Wise Step Recruiting · Remote (Romania) · Remote · Contract · Senior ·B2B ·6 months, expected to extend

ML Engineer — Fraud Detection Platform

Python RAG LLM NLP SQL Databricks Azure Llama Text-to-SQL

About the Role

We are building an AI layer on top of an existing fraud detection product used by banks. The goal is to allow bank users to describe fraud scenarios in natural language, and have the system automatically generate performant, validated SQL detection rules — removing the dependency on deep SQL expertise on the client side.

Project Context

The existing system runs Java services with SQL Server and Oracle backends. The new AI layer is Python-based — no Java integration is required from candidates. The core pattern is not direct NLP-to-SQL. Instead, it uses an intermediate JSON layer: natural language input is parsed into a structured JSON representation (fields, aggregations, filters, thresholds), which then generates the final SQL. This allows validation and performance checks before execution.

LLM preference is self-hosted Llama for financial data privacy, with Azure OpenAI as an alternative. A model-agnostic interface is required. Fine-tuning is a last resort only.

RAG is required — DB schemas, column mappings, and existing customer rules are injected as context. Evaluation agents call a REST API to run generated SQL and return false positive rate and latency metrics.

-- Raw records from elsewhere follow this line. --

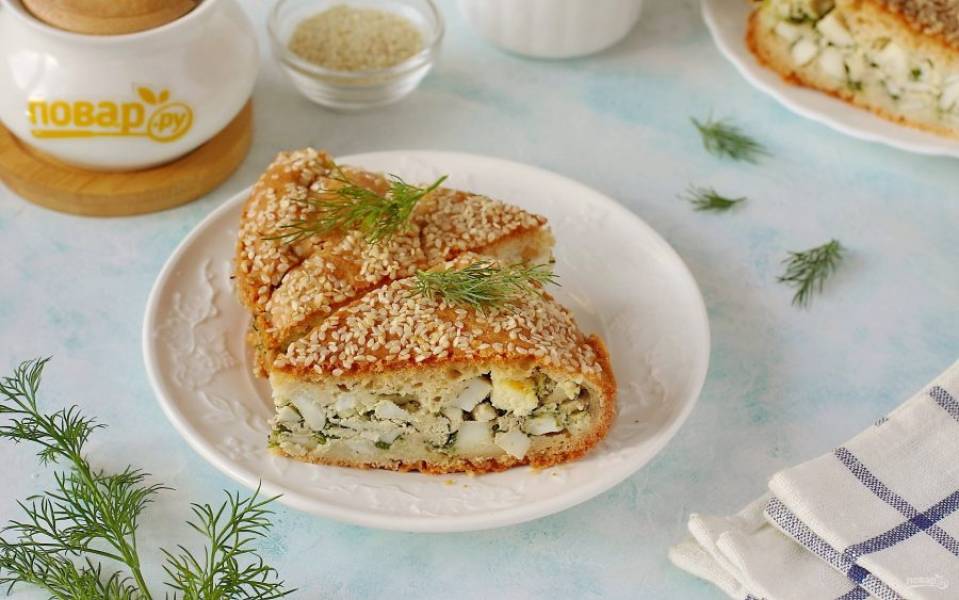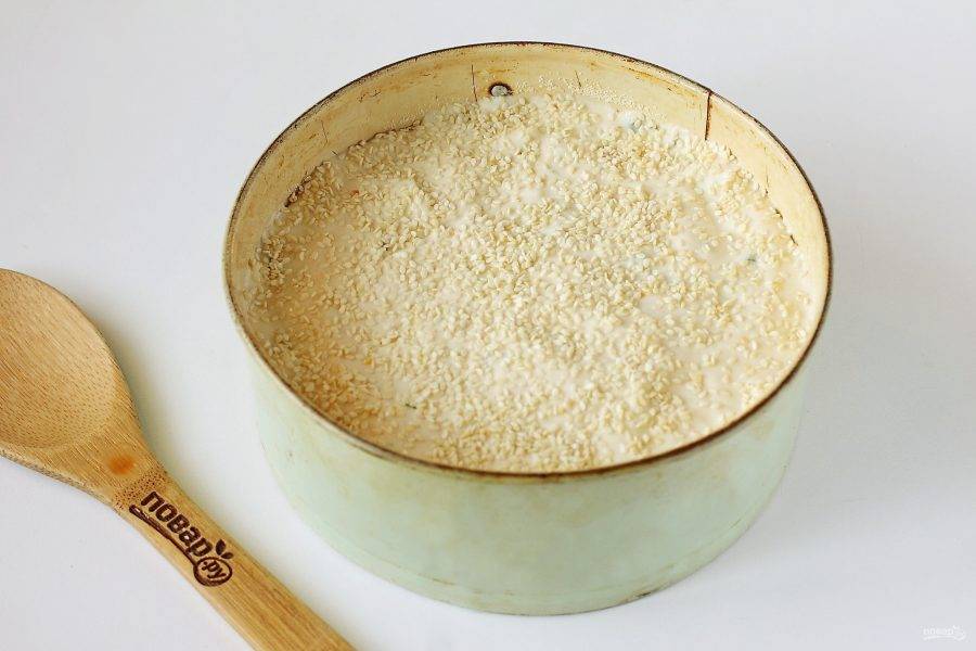 Полейте начинку оставшимся тестом и посыпьте сверху кунжутом. Выпекайте в духовке при температуре 180 градусов около 30 минут.
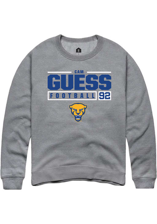 Cam Guess Rally Mens Graphite Pitt Panthers NIL Stacked Box Crew Sweatshirt
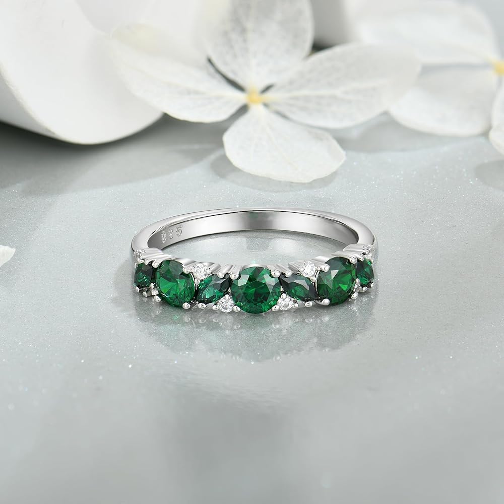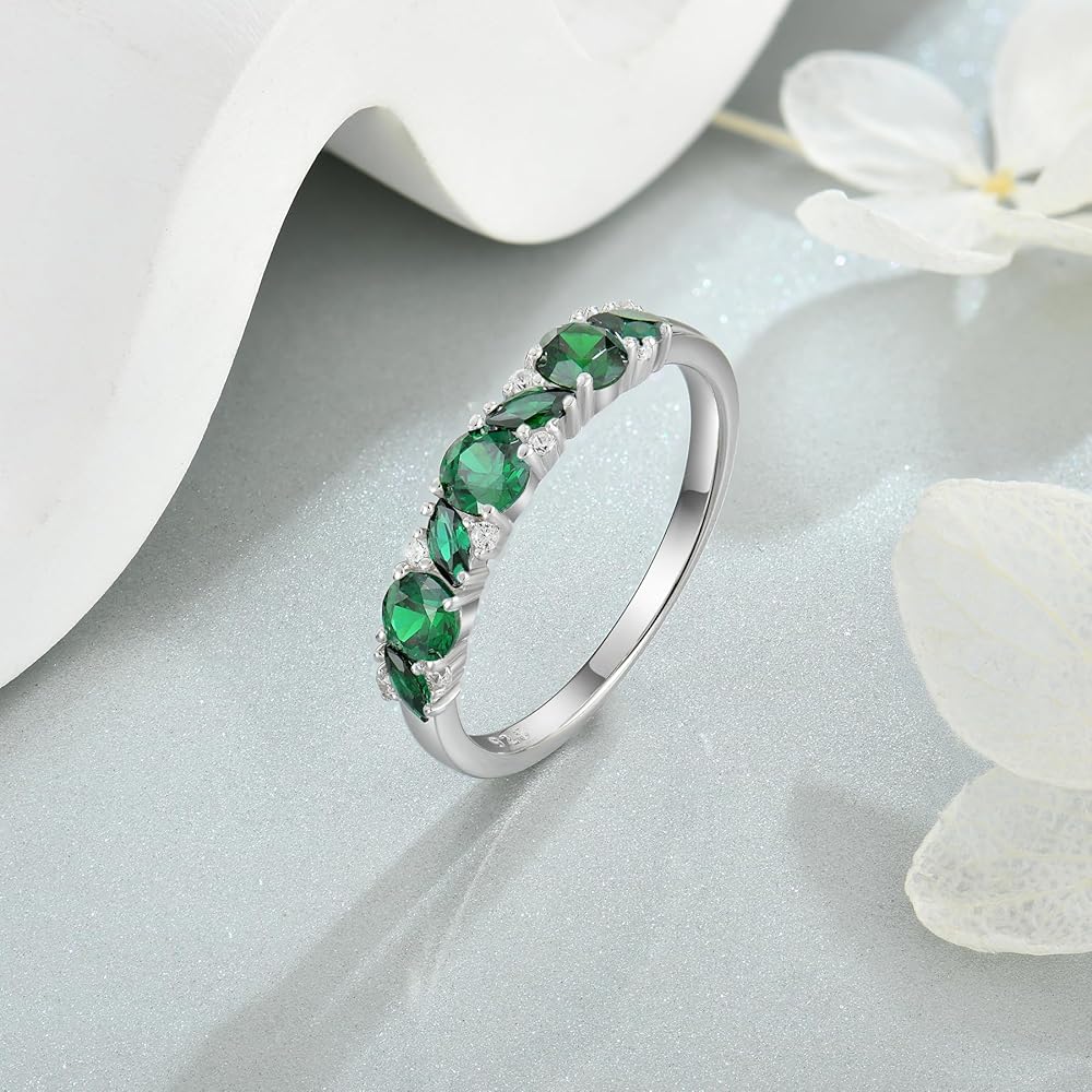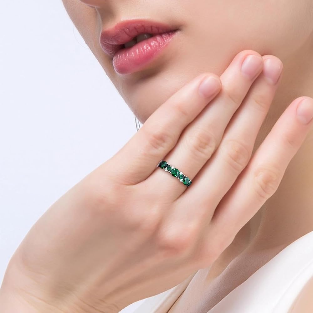 Ring Size - Stackble eternity rings width is 0.15" (3.8mm) and weight is 2.8 grams, set with 4 pieces 4*2mm marquise cut 3A created amethyst and 11 pieces round brilliant-cut 3A cubic zirconia.
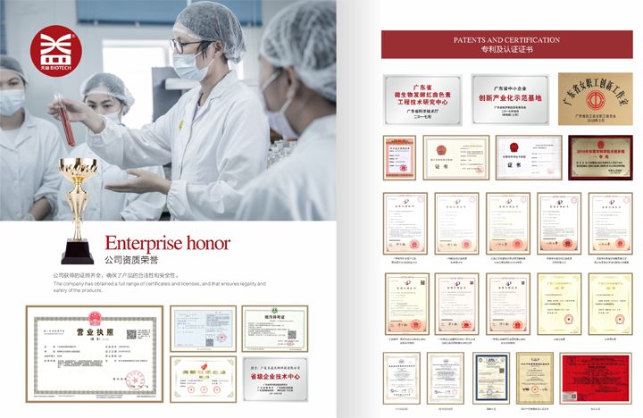 國家高新技術(shù)企業(yè)、廣東省省級企業(yè)技術(shù)中心、廣東省微生物發(fā)酵紅曲色素工程技術(shù)研究中心、等10多項和20多項發(fā)明專利,是中國食品添加劑和配料協(xié)會理事單位和中國生物發(fā)酵產(chǎn)業(yè)等協(xié)會會員單位。通過了ISO22000食品安全管理體系認(rèn)證、誠信管理體系等認(rèn)證。
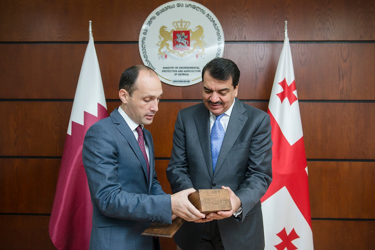 გარემოს დაცვისა და სოფლის მეურნეობის მინისტრმა, ლევან დავითაშვილმა კატარის სახელმწიფოს მუნიციპალური განვითარებისა და გარემოს დაცვის მინისტრს, მოჰამედ ბინ აბდულა ალ რუმაიჰს და კატარის სახელმწიფოს სოფლის მეურნეობის განვითარების, მეცხოველეობის და საერთაშორისო თანამშრომლობის დეპარტამენტის ხელმძღვანელ პირებს უმასპინძლა.

The system must support multi-tenancy with tenant-isolated data. Deployment is cloud-first, with on-prem capability for security-sensitive clients in a later phase.

Data Scale

~300 columns, basic types only. Billions of rows, ~4,000 transactions/second, 19-day retention window. Thousands of real production rules available as training corpus. Key challenge: per-tenant column mappings that vary by client.

Current State

This is not greenfield. An initial version exists with some agents already defined and early training begun. We need an engineer who can review the existing design, provide architectural feedback, and accelerate delivery.

What You’ll Do

  • Review and provide architectural feedback on the existing AI system design.
  • Design and implement the RAG pipeline, injecting DB schemas, column mappings, and existing rules as context.
  • Build and refine the NLP → structured JSON → SQL generation pipeline.
  • Develop a model-agnostic LLM interface supporting Llama and Azure OpenAI.
  • Implement evaluation agents that measure false positive rate and query latency.
  • Ensure multi-tenant data isolation across all AI components.

Requirements

Critical Skills

  • Strong RAG architecture experience — schema and rule context injection.
  • Hands-on NLP-to-SQL or text-to-SQL work in production environments.
  • Experience with Databricks Genie (required).

Required Skills

  • LLM evaluation: false positive rate, query latency measurement.
  • Model-agnostic LLM interface design (Llama / OpenAI / Azure OpenAI).
  • Multi-tenant AI system design.

Nice to Have

  • Java (for reading/understanding existing services).
  • Databricks platform experience beyond Genie.